To assess the prevalence of several parasitic infections in Kiribati, dried blood spots collected during trachoma prevalence surveys in the two major population centers in 2015, 2016, and 2019 were tested using multiplex bead-based serologic assays to detect IgG antibodies against four pathogens of public health interest: Toxoplasma gondii (T. gondii), Taenia solium (T. solium), Strongyloides stercoralis (S. stercoralis), and Toxocara canis (T. canis). In Kiritimati Island, the seroprevalences of T. solium recombinant antigen for detection of cysticercosis antibodies (T24H) and recombinant antigen for detection of taeniasis antibodies (ES33) were ≤4% in both surveys, whereas in Tarawa, the T24H seroprevalence was 2% (2016) and 7% (2019) and the ES33 seroprevalence was ≤3% in both surveys. At both sites, the seropositivity of S. stercoralis recombinant antigen for detection of Strongyloides was 0–4%, and for T. canis, the C-type lectin-1 antigen was 0–1% in all surveys. For T. gondii, the surface antigen glycoprotein 2A antigen seroprevalences on Kiritimati Island were 41% (2015) and 36% (2019), and in Tarawa, they were 36% (2016) and 22% (2019), suggesting that T. gondii infections are common in Kiribati, whereas the other pathogens are not.

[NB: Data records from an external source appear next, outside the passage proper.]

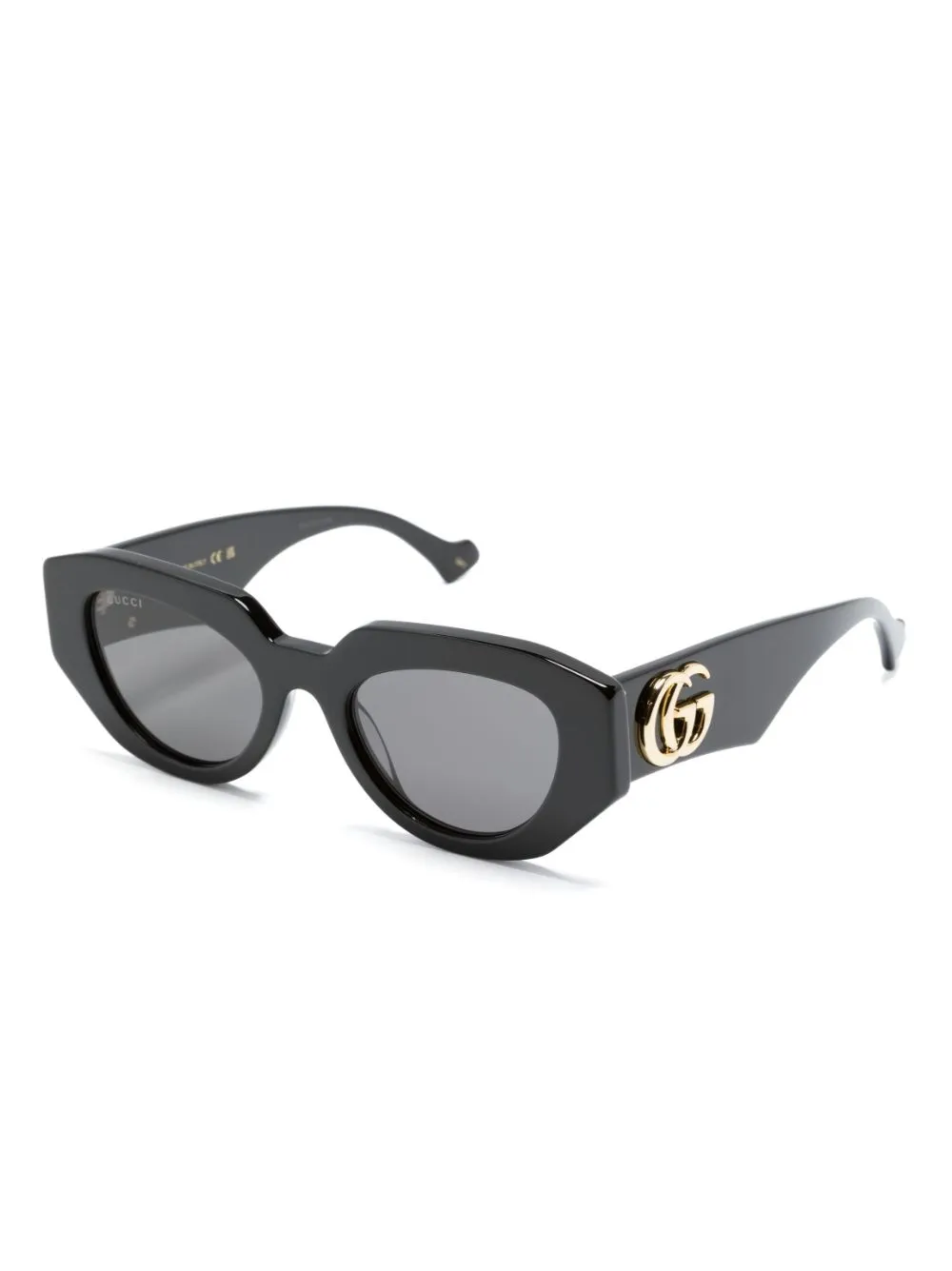 Zwart, acetaat, kenmerkend GG-logo, geometrisch montuur, grijze glazen, glazen met UV-bescherming, geschulpte pootjes en gebogen uiteinde. Deze bril wordt verkocht met een beschermhoes..
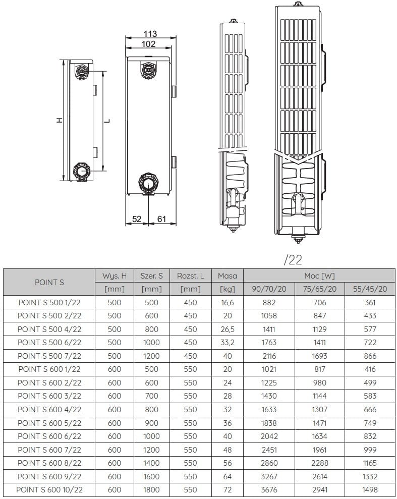 Grzejnik Point S ma podłączenie dolne 50 mm, tylko w prawej strony.
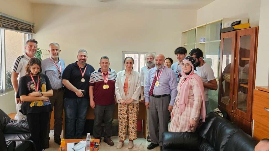 وهنّأت مديرة الكلية الدكتورة بادية مزبودي الفائزات والفائزين من أساتذة وطلاب، وتولّت مع المدرّب السيد تقليدهم الميداليات..

Multiplex bead-based serologic assays (MBAs) can assess for antibodies to multiple pathogens in a single specimen. Testing specimens collected during single-disease surveys using MBAs can cost-effectively generate seroprevalence estimates for neglected diseases that might otherwise not be assessed, for example, because of a lack of data on the burden of infection or a lack of resources. In this study, we took advantage of dried blood spot (DBS) specimens collected during routine trachoma prevalence surveys in the remote island nation of Kiribati to assess for antibodies against antigens derived from Strongyloides stercoralis (S. stercoralis), Toxocara canis (T. canis), Taenia solium (T. solium), and Toxoplasma gondii (T. gondii) using MBA. Few data on the presence of these pathogens in Kiribati existed before our evaluation; therefore, public health officials were interested in obtaining prevalence estimates.

Baseline trachoma surveys were conducted in the two main population centers in Kiribati—Kiritimati Island (2015) and Tarawa (2016)— during which DBS specimens from children aged 1–9 years were collected.1,2 These surveys were powered to detect a follicular prevalence of trachomatous inflammation of 10% in 1- to 9-year-olds with a precision of 3%.3 Based on these survey results, interventions were implemented in 2017 and 2018 that included the mass drug administration of azithromycin (or tetracycline eye ointment for those in whom azithromycin was contraindicated), as well as efforts to enhance facial cleanliness and encourage environmental improvement. Follow-up trachoma impact surveys were conducted at each site in 2019 using a two-stage cluster-sampled population-based design adjusted for finite population size that was powered to detect a follicular prevalence of trachomatous inflammation of 4% in 1- to 9-year-olds with a precision of ±2%.4 The islands are >3,000 km from each other; therefore, data from each evaluation unit (EU) were assessed separately. In the clean dataset, 382 and 658 Kiritimati children contributed data for 2015 and 2019, respectively, and 863 and 867 Tarawa children contributed data for 2016 and 2019, respectively.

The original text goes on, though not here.